- Promotion: Maximum Fighting Championship
- Date: October 7, 2011
- Venue: Mayfield Inn Trade and Conference Centre
- City: Edmonton, Alberta

Event chronology
| MFC 30: Up Close and Personal | MFC 31: Rundown | MFC 32: Bitter Rivals |

= MFC 31 =

Maximum Fighting Championship MMA event in 2011

MFC 31: Rundown was a mixed martial arts event held by the Maximum Fighting Championship (MFC) on October 7, 2011 at the Mayfield Inn Trade and Conference Centre in Edmonton, Alberta. The event was broadcast live on HDNet.

==Background==
Antonio McKee and Brian Cobb were expected to fight for the MFC Lightweight Championship on this card. However, that bout was moved to MFC 32.

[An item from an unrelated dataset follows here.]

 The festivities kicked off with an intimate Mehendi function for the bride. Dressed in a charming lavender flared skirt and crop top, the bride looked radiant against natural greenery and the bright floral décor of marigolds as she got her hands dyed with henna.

This event used a half-point scoring system.

==Results==
Main Card:
- MFC Light Heavyweight Championship bout: CAN Ryan Jimmo vs. Rameau Thierry Sokoudjou
 Jimmo defeated Sokoudjou via unanimous decision (49–48, 49–48, 49–48).
- Lightweight bout: CAN Kajan Johnson vs. USA Richie Whitso]
 Johnson defeated Whitson via submission (rear naked choke) at 3:52 of round 1.
- Lightweight bout: USA Adam Lynn vs. CAN Curtis Demarce
Lynn defeated Demarce via KO (elbow) at 1:38 of round 1.
- Lightweight bout: CAN Sabah Fadai vs. ZIM Mukai Maromo
Maromo defeated Fadai via unanimous decision (30–27, 30–27, 30–27).
- Middleweight bout: CAN Allen Hope vs. USA Terry Martin
Martin defeated Hope via TKO (punches and elbows) at 2:13 of round 1.
- Catchweight (175 lb.) bout: CAN Ryan Chiappe vs. CAN Cody Krahn
Krahn defeated Chiappe via submission (guillotine choke) at 3:45 of round 1.

Preliminary Card:
- Catchweight (175 lb.) bout: CAN Mike Froese vs. CAN Dajan Kajic
Froese and Kajic ended in a No Contest at 0:31 of round 1 after Froese was poked in the eye.
- Lightweight bout: CAN Garret Nybakken vs. CAN James Haddad
Haddad defeated Nybakken via submission (guillotine choke) at 4:12 of round 1.
- Lightweight bout: CAN Neal Anderson vs. CAN Dan Ring
Ring defeated Anderson via unanimous decision.